La Promesa: Realidad Espiritual en un Signo Material
Finalmente, y quizás lo más consolador, es que Cristo no nos dejó solo con la ley del mandato, sino que providencialmente en amor y condescendencia añadió una promesa:
“he aquí yo estoy con vosotros todos los días, hasta el fin del mundo”.
Esta promesa nos asegura perpetuamente que el Cristo que murió por nosotros es el mismo que está presente de manera espiritual cuando se administra el bautismo como señal de haber nacido de nuevo por haber creído en Jesucristo. Además que nos enseña Su efectividad pues la obra interna es tan real como el rito externo.
Digo esto porque es Dios quien vincula el bautismo con el simbolismo del lavamiento. La promesa nos garantiza que, así como el agua limpia habitualmente la suciedad del cuerpo, la sangre de Cristo ha limpiado nuestra alma de toda impureza de manera real y espiritual
“y de Jesucristo el testigo fiel, el primogénito de los muertos, y el soberano de los reyes de la tierra. Al que nos amó, y nos lavó de nuestros pecados con su sangre” Apoc. 1:5.
Me parece maravilloso que Dios utilice un elemento tan común como el agua y, al unirlo con Su Palabra, lo convierta en un instrumento que nos da certeza de que nuestra purificación y salvación se han logrado en Cristo. Aquí es importante resaltar que no es el agua la que salva, sino que es el rito externo que expresa públicamente algo que ya ha sucedido en nuestras vidas por la fe.
Conclusión: Un Ancla para la Fe que incrementa nuestra seguridad.
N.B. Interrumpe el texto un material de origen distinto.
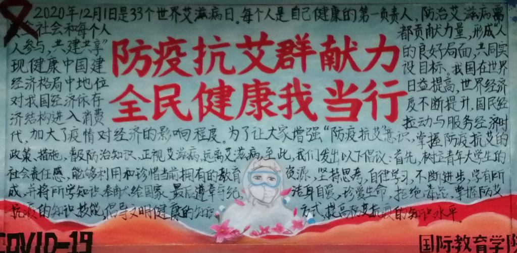 各学院紧扣主题,积极参与板报的绘制。板报设计别出心裁,精美的背景、秀丽飘逸的小字、富有新意的构图将疫情防控、艾滋防治等宣传知识呈现在板面上,正确引导了同学们树立健康、文明的生活理念。一幅幅活泼新颖的图案点缀成的精美板报吸引了不少同学驻足观赏,更为宜职的冬日增添了一抹靓丽的色彩,让板报刊出不仅有创意更有意义。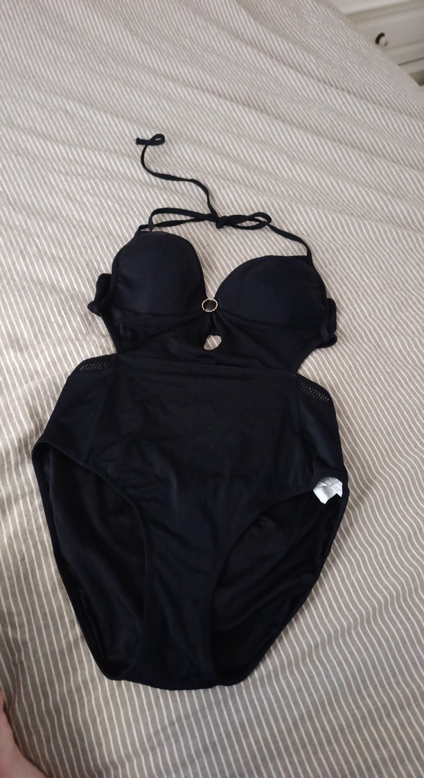 Siyah renkte, goth tarzı tokalı ve askılı, vücuda oturan midi uzunlukta kadın mayo. Cesur plaj stiline uygun.

Por esta razón, concluyo que el bautismo debe funcionar como un ancla en medio de nuestro peregrinaje. En momentos de tentación, cuando el acusador venga a poner duda sobre tu salvación, no solo deberíamos recordar el evangelio intelectualmente, sino que podríamos mirar nuestro bautismo y meditar:
“Si Cristo me dio esta señal para asegurarme Su perdón, entonces Su promesa de lavarme con Su sangre es inquebrantable”.
Que al recordar tu bautismo, puedas crecer en la seguridad de que posees todas las bendiciones del Pacto, sabiendo que Cristo se ha inclinado hacia ti para decirte que Su sacrificio es tuyo personalmente.